Persist in Prayer
by Julie Anderson
When his disciples asked Jesus to teach them how to pray, he taught the familiar model we call the Lord’s Prayer. But directly after, he gave another example of how to pray, using two hypothetical situations.
First, he asked his disciples to imagine knocking on a friend’s door in the middle of the night, while loudly demanding three loaves of bread to feed a surprise visitor. The sleepy friend replies “do not bother me; the door has already been locked, and my children are with me in bed; I cannot get up and give you anything.” However, he eventually changes his mind, gets up and gives away the bread, not because it was his friend asking, but because of his friend’s persistence (Luke 11:5-8 NRSV). Strong’s Concordance defines the Greek word for persistence as “shameless impudence.” Jesus was illustrating God’s desire for us to come to him with boldness and make our most desperate needs and desires known. If persistence causes an earthly friend to answer a need, how much more will our heavenly Father respond to audacious prayer? Jesus teaches on: “Ask, and it will be given you; search and you will find; knock, and the door will be opened for you.” God loves to inhabit our earnest prayers and welcome us into his presence (vv. 9-10).
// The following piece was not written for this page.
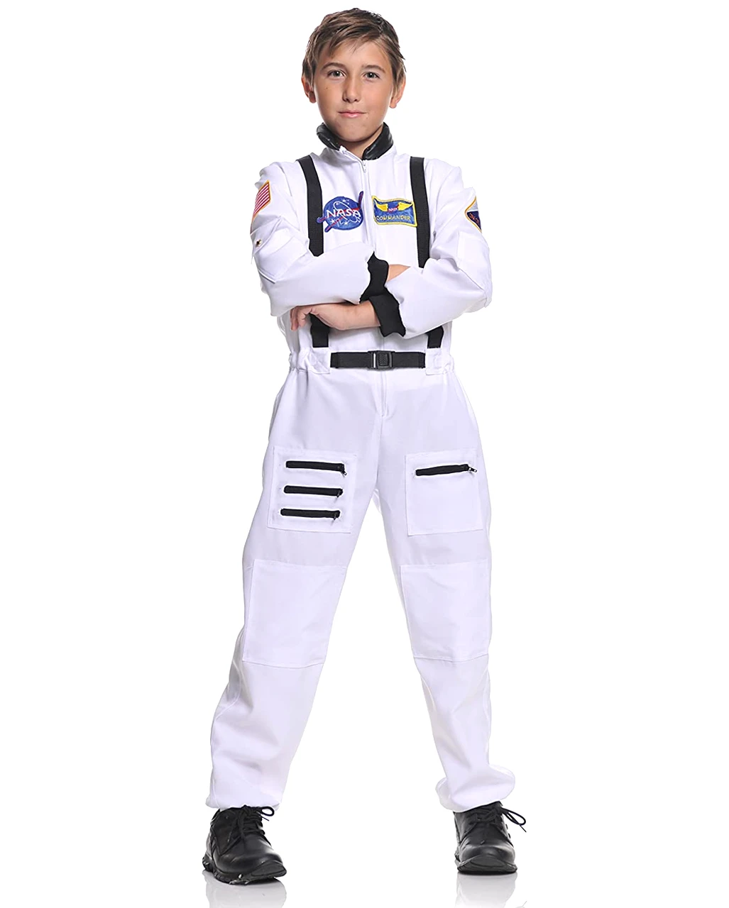 Einmal im Leben in das Weltall fliegen, ist der Traum von vielen Menschen. Dafür braucht man zuallererst natürlich den passenden Anzug. Mit dem weißen NASA Astronauten Kinderkostüm können sich kleine Weltraumfahrer schon mal die passende Verkleidung zulegen und beim Karneval die Mädchen beeindrucken.
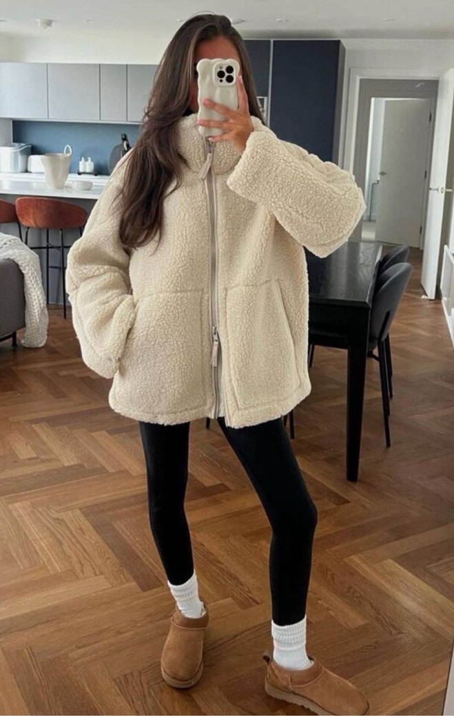 S ve L bedenler kaldı yalnızca. Bej renkte, peluş kumaştan yapılmış, bol kesim ve yüksek yakalı kadın midi mont. Uzun kollu ve kürk detaylarıyla rahat ve sıcak tutar.

Jesus begins his second illustration on how to pray with a set of questions. If your child asks for a fish, will you give him a snake or for an egg will you give him a scorpion? The implication is—of course not! “If you then, who are evil, know how to give good gifts to your children, how much more will the heavenly Father give the Holy Spirit to those who ask him!” (vv. 11-13). Let us persist in approaching the throne of God boldly, asking our loving heavenly Father to provide for our physical and emotional needs. But more important, let’s also ask the Father to meet our spiritual needs by pouring out his Holy Spirit on us, that we might come to know the fullness of his glory.